Blackberry’s chairman announced that the former smartphone heavyweight will begin exploring “strategic alternatives” to address its dwindling market share and placate unhappy shareholders. As I’ve said before, it ultimately makes sense for Blackberry to ditch its OS team, adopt Android, and just concentrate on two businesses: hardware and enterprise services like encrypted email and messaging. It seems logical for a few reasons:
1. Blackberries always had better hardware than software. In an age of indistinguishable Android OEMs, Blackberry would provide a familiar name and form factor. Plus, Samsung’s recent Galaxy S4 was knocked for the same reason HTC’s One was praised: hardware quality.
2. Blackberries were – and in a few cases, still are – the go-to enterprise device of the early-mid 2000s.

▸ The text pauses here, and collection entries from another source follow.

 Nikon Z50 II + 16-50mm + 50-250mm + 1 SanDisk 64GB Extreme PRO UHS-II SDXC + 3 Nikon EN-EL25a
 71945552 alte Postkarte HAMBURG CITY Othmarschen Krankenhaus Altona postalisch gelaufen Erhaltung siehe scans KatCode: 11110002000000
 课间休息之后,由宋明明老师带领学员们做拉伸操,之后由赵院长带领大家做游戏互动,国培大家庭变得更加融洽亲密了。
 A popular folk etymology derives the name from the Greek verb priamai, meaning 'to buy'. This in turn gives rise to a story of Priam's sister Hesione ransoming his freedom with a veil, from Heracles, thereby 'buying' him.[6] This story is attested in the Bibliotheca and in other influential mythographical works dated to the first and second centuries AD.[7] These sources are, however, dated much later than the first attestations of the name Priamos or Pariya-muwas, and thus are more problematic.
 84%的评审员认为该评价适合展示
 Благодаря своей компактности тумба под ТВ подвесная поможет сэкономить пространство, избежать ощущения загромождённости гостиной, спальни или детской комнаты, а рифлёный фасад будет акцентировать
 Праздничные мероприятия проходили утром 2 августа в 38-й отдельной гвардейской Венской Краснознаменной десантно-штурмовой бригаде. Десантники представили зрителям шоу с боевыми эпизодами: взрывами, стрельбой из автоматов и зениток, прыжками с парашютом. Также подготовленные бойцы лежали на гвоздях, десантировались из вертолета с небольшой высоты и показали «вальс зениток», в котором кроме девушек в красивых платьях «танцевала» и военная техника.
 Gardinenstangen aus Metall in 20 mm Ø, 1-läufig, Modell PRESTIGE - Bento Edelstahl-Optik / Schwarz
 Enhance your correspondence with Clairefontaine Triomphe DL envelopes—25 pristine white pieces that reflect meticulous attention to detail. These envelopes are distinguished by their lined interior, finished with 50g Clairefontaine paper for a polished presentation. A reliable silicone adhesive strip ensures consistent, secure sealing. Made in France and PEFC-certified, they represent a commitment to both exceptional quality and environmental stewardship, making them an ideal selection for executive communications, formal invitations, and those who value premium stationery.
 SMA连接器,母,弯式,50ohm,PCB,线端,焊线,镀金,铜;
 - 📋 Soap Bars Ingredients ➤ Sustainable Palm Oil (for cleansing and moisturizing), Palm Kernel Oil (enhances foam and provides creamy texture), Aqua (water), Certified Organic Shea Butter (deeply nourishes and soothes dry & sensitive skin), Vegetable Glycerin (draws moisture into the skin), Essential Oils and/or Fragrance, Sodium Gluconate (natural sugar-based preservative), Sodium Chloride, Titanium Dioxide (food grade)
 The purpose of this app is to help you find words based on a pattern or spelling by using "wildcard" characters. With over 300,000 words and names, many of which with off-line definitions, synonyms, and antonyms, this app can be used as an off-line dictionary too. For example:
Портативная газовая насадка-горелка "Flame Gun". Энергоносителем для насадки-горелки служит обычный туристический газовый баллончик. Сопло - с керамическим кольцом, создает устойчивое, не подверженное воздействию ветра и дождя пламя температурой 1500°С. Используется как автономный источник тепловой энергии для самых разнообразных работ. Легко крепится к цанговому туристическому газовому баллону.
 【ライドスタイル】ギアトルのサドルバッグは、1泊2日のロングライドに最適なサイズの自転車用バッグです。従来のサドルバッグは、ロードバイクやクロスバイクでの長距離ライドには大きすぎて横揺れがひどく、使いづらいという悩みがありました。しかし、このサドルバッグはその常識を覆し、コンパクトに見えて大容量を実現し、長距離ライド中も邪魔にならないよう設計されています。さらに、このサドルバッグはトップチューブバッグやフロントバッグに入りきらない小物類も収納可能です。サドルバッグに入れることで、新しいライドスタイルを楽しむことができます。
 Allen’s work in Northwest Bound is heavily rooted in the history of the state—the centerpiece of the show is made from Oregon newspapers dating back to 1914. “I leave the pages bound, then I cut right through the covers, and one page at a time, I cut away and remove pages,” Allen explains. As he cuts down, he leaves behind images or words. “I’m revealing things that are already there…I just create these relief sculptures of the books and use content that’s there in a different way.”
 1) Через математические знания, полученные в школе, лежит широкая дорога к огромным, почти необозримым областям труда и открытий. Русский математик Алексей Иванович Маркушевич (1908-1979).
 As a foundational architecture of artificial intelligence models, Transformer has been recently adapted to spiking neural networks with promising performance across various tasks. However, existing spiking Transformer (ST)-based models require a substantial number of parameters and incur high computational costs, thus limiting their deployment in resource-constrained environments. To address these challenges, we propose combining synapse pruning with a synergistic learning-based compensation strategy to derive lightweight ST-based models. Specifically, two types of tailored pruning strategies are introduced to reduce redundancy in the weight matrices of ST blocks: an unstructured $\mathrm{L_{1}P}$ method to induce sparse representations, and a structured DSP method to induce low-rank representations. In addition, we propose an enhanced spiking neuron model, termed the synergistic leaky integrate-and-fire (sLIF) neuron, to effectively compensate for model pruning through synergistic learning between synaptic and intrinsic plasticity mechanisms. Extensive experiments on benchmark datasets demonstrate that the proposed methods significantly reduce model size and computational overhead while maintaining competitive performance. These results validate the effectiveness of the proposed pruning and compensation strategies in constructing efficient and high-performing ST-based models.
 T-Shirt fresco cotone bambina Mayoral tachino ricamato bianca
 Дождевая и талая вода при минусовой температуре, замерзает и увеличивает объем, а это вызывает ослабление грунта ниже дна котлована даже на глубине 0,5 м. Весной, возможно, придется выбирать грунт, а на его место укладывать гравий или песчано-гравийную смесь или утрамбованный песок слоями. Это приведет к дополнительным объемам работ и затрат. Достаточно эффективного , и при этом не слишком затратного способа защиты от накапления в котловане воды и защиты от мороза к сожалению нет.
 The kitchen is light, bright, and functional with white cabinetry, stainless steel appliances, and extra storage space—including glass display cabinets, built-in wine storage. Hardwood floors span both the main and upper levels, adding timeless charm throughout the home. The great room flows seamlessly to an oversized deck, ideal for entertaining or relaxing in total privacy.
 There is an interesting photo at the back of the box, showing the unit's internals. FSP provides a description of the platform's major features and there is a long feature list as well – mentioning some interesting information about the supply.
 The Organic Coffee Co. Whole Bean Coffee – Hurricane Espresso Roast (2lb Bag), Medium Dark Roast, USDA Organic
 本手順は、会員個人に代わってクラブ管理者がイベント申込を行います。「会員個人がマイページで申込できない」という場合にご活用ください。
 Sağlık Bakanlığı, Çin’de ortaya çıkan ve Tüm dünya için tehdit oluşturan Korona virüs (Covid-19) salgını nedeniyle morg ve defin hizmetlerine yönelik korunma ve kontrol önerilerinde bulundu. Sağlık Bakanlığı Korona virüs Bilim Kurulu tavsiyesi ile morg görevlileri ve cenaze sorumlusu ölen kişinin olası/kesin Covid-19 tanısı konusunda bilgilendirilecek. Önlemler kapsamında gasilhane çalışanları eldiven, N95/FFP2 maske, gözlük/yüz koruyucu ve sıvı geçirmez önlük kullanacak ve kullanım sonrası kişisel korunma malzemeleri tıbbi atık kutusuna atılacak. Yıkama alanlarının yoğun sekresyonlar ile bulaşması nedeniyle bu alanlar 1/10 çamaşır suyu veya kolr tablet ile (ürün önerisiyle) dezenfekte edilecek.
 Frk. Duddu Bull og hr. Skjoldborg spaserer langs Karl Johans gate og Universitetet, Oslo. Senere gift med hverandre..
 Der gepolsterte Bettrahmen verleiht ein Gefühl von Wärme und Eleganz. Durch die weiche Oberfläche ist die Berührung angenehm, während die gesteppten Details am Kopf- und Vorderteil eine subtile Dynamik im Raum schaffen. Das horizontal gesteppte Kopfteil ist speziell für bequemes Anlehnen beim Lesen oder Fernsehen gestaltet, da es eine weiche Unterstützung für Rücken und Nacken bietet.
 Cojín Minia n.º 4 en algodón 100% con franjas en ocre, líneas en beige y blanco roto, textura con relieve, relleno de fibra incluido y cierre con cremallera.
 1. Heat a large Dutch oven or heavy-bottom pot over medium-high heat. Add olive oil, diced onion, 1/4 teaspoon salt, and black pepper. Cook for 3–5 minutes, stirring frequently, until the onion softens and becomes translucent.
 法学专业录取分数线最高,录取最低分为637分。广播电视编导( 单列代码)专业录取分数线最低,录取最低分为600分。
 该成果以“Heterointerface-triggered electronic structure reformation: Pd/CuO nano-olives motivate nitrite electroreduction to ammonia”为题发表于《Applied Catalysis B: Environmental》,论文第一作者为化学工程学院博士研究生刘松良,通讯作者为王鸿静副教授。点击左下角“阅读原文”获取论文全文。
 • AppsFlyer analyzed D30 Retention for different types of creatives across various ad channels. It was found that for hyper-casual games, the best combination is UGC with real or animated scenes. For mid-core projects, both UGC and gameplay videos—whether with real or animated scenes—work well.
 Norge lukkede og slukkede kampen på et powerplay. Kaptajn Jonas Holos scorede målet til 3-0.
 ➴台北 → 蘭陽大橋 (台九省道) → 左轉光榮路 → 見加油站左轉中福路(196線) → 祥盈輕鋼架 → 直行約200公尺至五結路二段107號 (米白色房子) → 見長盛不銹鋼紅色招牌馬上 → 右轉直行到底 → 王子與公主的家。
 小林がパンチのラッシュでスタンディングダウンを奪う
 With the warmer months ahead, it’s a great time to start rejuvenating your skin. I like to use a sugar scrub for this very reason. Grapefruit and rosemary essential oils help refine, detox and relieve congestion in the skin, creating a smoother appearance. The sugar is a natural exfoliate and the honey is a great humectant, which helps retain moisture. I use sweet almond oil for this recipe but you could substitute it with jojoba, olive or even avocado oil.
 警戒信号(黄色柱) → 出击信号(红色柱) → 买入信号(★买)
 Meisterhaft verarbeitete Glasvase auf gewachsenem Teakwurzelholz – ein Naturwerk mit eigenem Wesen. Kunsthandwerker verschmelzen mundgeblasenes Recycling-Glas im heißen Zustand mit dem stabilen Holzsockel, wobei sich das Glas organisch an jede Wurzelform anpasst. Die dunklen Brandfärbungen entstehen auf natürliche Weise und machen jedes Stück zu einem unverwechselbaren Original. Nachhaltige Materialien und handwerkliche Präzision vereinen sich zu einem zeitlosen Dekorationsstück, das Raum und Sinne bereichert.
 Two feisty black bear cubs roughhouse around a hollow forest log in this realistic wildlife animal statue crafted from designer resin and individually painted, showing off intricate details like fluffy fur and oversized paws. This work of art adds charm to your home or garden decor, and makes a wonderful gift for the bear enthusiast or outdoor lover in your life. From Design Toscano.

Although most businesses are switching over to BYOD, Blackberry would be wise to offer its phones bundled enterprise software , much the same way Samsung has tried to convince business customers that its S4 can switch between work and play using its “Knox” business-division feature.
3. Blackberry would ultimately save massive amounts of money on OS development, since Google’s engineers would be doing all the hard work. Granted, Blackberry would take huge accounting charges in its next quarter due to severance costs, but it would, ultimately, make the company a leaner, and possibly more profitable organization. Either way, it’s better than bankruptcy.
4. The name “Blackberry Ice Cream Sandwich” just works.